Martín, altın çağında haftalık 750.000 okuyucuya ulaşan bir derginin iniş çıkışlarını incelediği ‘Desmemorias de una revista satírica’ (Libros Cúpula) adlı bir kitap yayınladı, bu o zaman için astronomik bir rakam. Perşembe, en çok satın alınan ve liberal profesyonellerden ev kadınlarına kadar çeşitli izleyiciler tarafından okunan dedikodu ve Interviú yayınlarıyla omuz omuza verildi.

45 yıldır bayilerde yayınını sürdüren haftalık gazete, kağıt fiyatlarındaki artışın kurbanı oldu ve artık sadece internet üzerinden yayınlanıyor. Birkaç yıl boyunca savcılar ve yargıçlar, kapaklarının gaddarlığına acımasızca zulmettiyse de, El Jueves, kendini gücenmiş hissetmeyen tek bir tweeter’ın olmadığı sosyal ağların patlamasıyla öngörülemeyen düşmanlar edindi. «İnternet ve ağlar geldiğinde, ilginç bir olay meydana gelir: herkes sizi sansürleyebilir çünkü herkes haksızlığa uğradığını hisseder, bu da grafik mizahın oyun alanını değiştirir. Sonuç olarak, otosansür çok arttı” diyor JL Martín.


yüksek fiyat



Geçiş İspanya’sında mizah yapmak çok pahalı olabilir. 1977’de El Papus’un yayınlandığı binaya patlayıcı bir paket gönderildi ve cihaz kapıcının elinde patlayarak anında ölümüne ve haber merkezinde büyük hasara neden oldu. Triple A’nın üstlendiği saldırı, aşırı sağın aşırı mizah anlayışına sahip olmadığının bir işaretiydi.

Geç dönem Frankoculuktan gelen dergilerle (Hermano Lobo, El Papus, Por Favor) karşı karşıya kalan yeni bir karikatürcü grubu, ilerlemek için mücadele etti. Fikir, 1977’de editör José Ilario’nun Tom, Romeu ve Martín’e sosyal anı tasvir eden yetişkinler için bir çizgi roman olan farklı bir mizah dergisi yaratmalarını teklif etmesiyle ortaya çıktı.

“Öfori ve neşe vardı. Gri bir diktatörlük sona ermişti, ‘sığınak’ı unutup ilk neşe ve demokrasi dergisini çıkaran ilk kişi olmak istedik. Özgürlük patladı, kumar yasallaştırıldı, sonra boşanma geldi ve nihayet imrendiğimiz her şeyi yapabildik, tamamen bedava mizah da dahil” diyor yazar.


İfade özgürlüğü

“Artık hakim ve savcılar yerine küskün binlerce grupla karşı karşıyayız”
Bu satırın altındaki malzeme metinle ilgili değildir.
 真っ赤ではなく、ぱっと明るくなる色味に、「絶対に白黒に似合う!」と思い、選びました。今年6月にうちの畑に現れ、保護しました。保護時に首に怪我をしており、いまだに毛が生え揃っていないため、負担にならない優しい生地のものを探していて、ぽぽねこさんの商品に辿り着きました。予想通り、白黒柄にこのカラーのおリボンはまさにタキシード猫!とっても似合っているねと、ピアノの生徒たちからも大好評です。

El Jueves’in en büyük kilometre taşlarından biri, Temmuz 2007’den, bugünün Krallarının cinsel ilişkiye girerken görülebildiği bir kapakla temsil edildi. Ulusal Mahkeme yargıcı Juan del Olmo, Eyalet Başsavcısı Cándido Conde-Pumpido’nun talebi üzerine, kapağı karikatürist Guillermo Torres’e ait olan ve senaryosu Manel Fontdevilla’ya ait olan numaraya el konulmasına karar verdi.
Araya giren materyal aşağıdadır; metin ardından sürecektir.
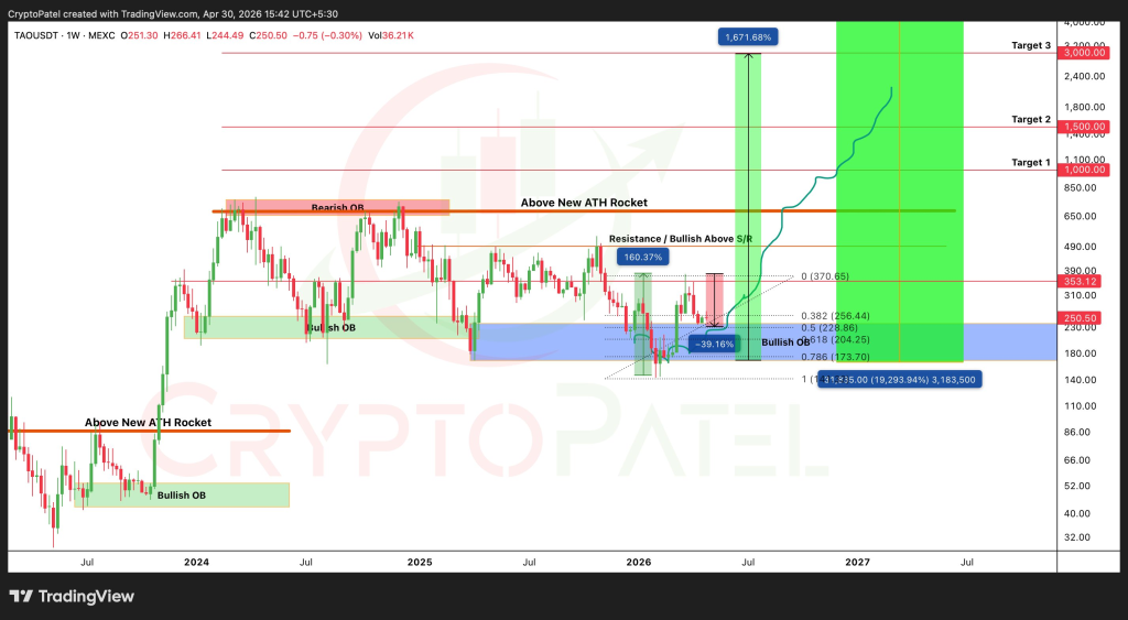 图表同时表明,若TAO价格复苏并突破主要阻力位,将存在更大的上行空间。**关键上行目标位于1000美元附近,其次是1500美元与3000美元。

Karar, sansürün sansüre karşı bir bumerang gibi döndüğü ‘Streisand etkisi’ adı verilen istenmeyen bir tepkiye yol açtı. Polisin derginin haber odasında olduğu ve tüm televizyon istasyonlarının orada olduğu haberi yayıldı. Dergi, Kings Felipe ve Letizia’nın düğününde tekrarlanan bir fenomen olan olağanüstü satışlar elde etti: “200.000 kopya sattık ve tükendiler.”


şurup doz aşımı



Yakıcı mizahın hayranları, geleneksel basının monarşik kurumu tedavi ettiği aşırı dozda şuruptan uzaklaşan birileri için karikatüristlere teşekkür etti. Kızarıklık yaratan diğer konular ise din ve varlıklı insanlardı. “Sonra bu değişti ve farklı güçler ‘sallamamak daha iyidir’ sözünü benimsedi. Öte yandan, şimdi tehlike, ‘uyanma’ kültüründe ve her zaman büyük gücenmeye istekli tüm gruplarda. Hakimler ve savcılar yerine bizi öldürmek isteyen sayısız grupla karşı karşıyayız.

El Jueves’in sayfaları, diğerleri arasında Óscar, Ivà, Perich, Forges, Azagra, Fontdevila, Paco Alcázar, Darío Adanti, Ventura ve Kim gibi önemli mizah yazarlarının bulunduğu bir tahıl ambarıydı.

2014’te unutmak istedikleri bir an yaşandı. Derginin sahibi, Manel Fontdevila’nın imzaladığı Kralın tahttan çekilmesiyle ilgili bir kapağını sansürledi ve karikatüristlerin listesi, işbirlikçilerin ve personelin istifasıyla büyük kırım oldu. «Dergiyi neredeyse bitiren bir kazaydı. Ve orada bir üçlü kapanış içindeydik. Bu bir felaketti” diye hatırlıyor.